Но когда он вылез из кустарника, он наткнулся прямо на князя, который как раз возвращался во дворец, и чуть не сшиб его с ног. «Vous êtes un grand [89] болван!» ― загремел на него князь, бросил гофмаршалу холодное «dormez bien» [90] и удалился во дворец, сопровождаемый камердинером.

Совершенно ошеломленный, гофмаршал застыл на месте, бормоча: «Рыбачья хижина! Маэстро Абрагам! Dormez bien», ― и решил без промедления отправиться к канцлеру, дабы посовещаться с ним о неслыханном событии, а также, если это окажется под силу, предугадать новое расположение светил на придворном небе, предвещаемое этим событием.

Маэстро Абрагам проводил князя до кустарника, где стояли гофмаршал и камердинер, затем возвратился ― так велел ему князь, не желавший, чтобы его заметили из окон дворца в обществе маэстро. Благосклонный читатель знает, как хорошо удалось князю скрыть свой таинственный визит в рыбачью хижину к маэстро Абрагаму. Но, кроме камердинера, еще одна особа подслушала князя без его ведома.

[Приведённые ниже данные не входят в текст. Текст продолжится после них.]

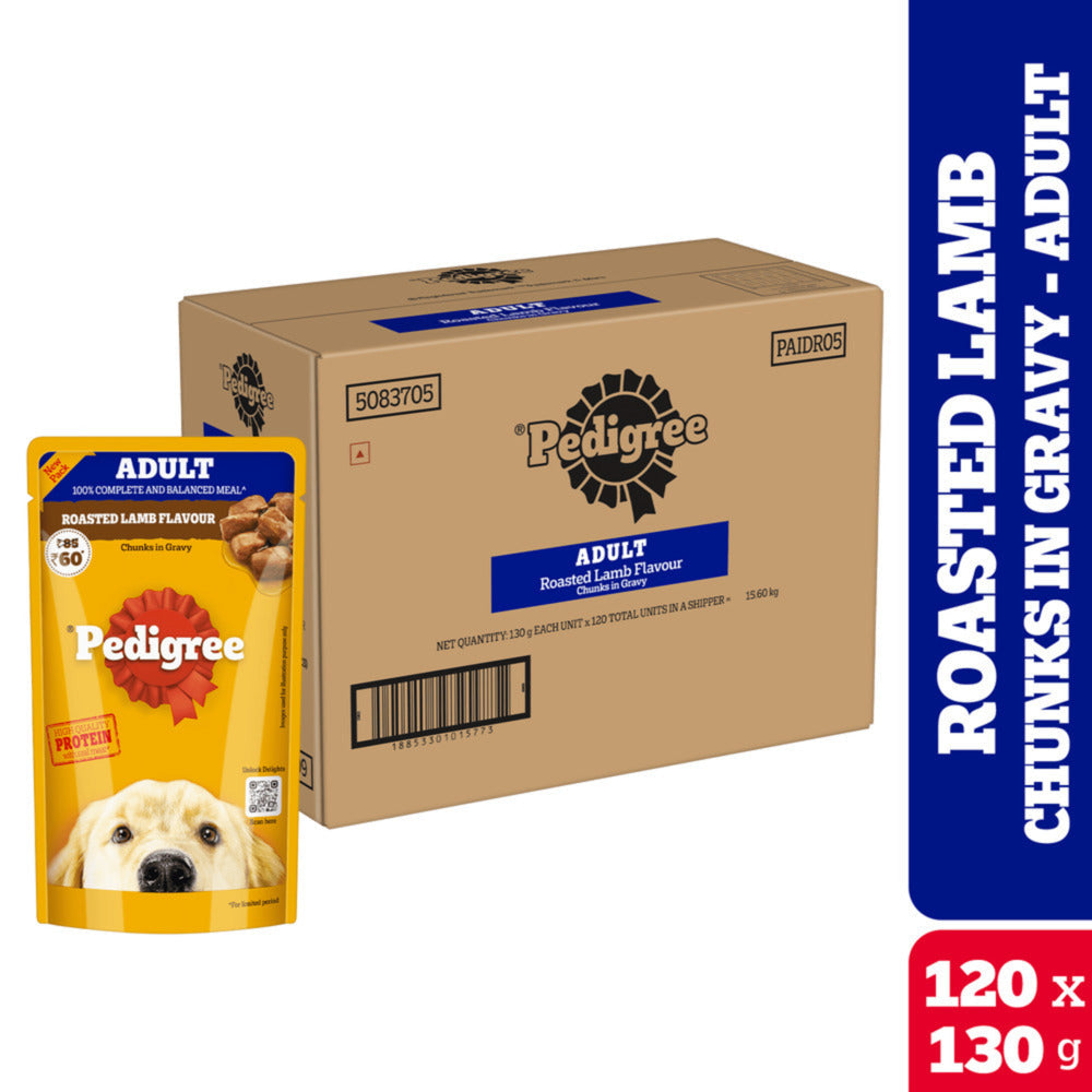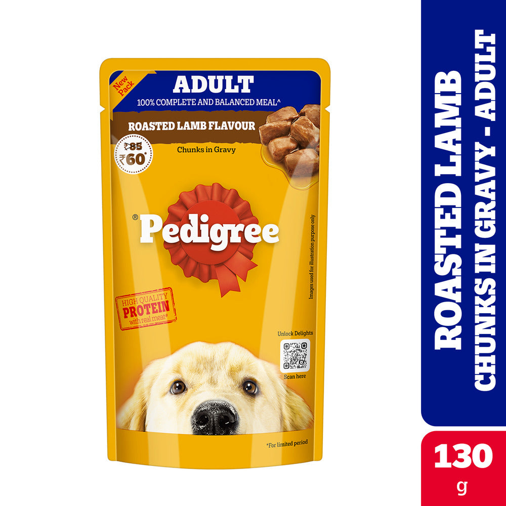 Pedigree Roasted Lamb Flavour Chunks in Gravy Adult Wet Food (130g)

Маэстро Абрагам уже подходил к самой хижине, как вдруг совершенно неожиданно из вечернего сумрака, затемнившего дорожки, ему навстречу вышла советница Бенцон.

― А, ― воскликнула Бенцон с горьким смехом, ― князь просил у вас совета, маэстро Абрагам. Вы и вправду подлинная опора княжеского дома; и отца и сына жалуете своей мудростью и богатым опытом, а когда добрый совет слишком дорог или вовсе недоступен...

― На этот случай, ― перебил советницу маэстро Абрагам, ― имеется советница, вернее, блистательная звезда, что одна здесь все озаряет и влиянию которой бедный старый органщик обязан своим существованием, а также возможностью спокойно завершить свой скромный жизненный путь.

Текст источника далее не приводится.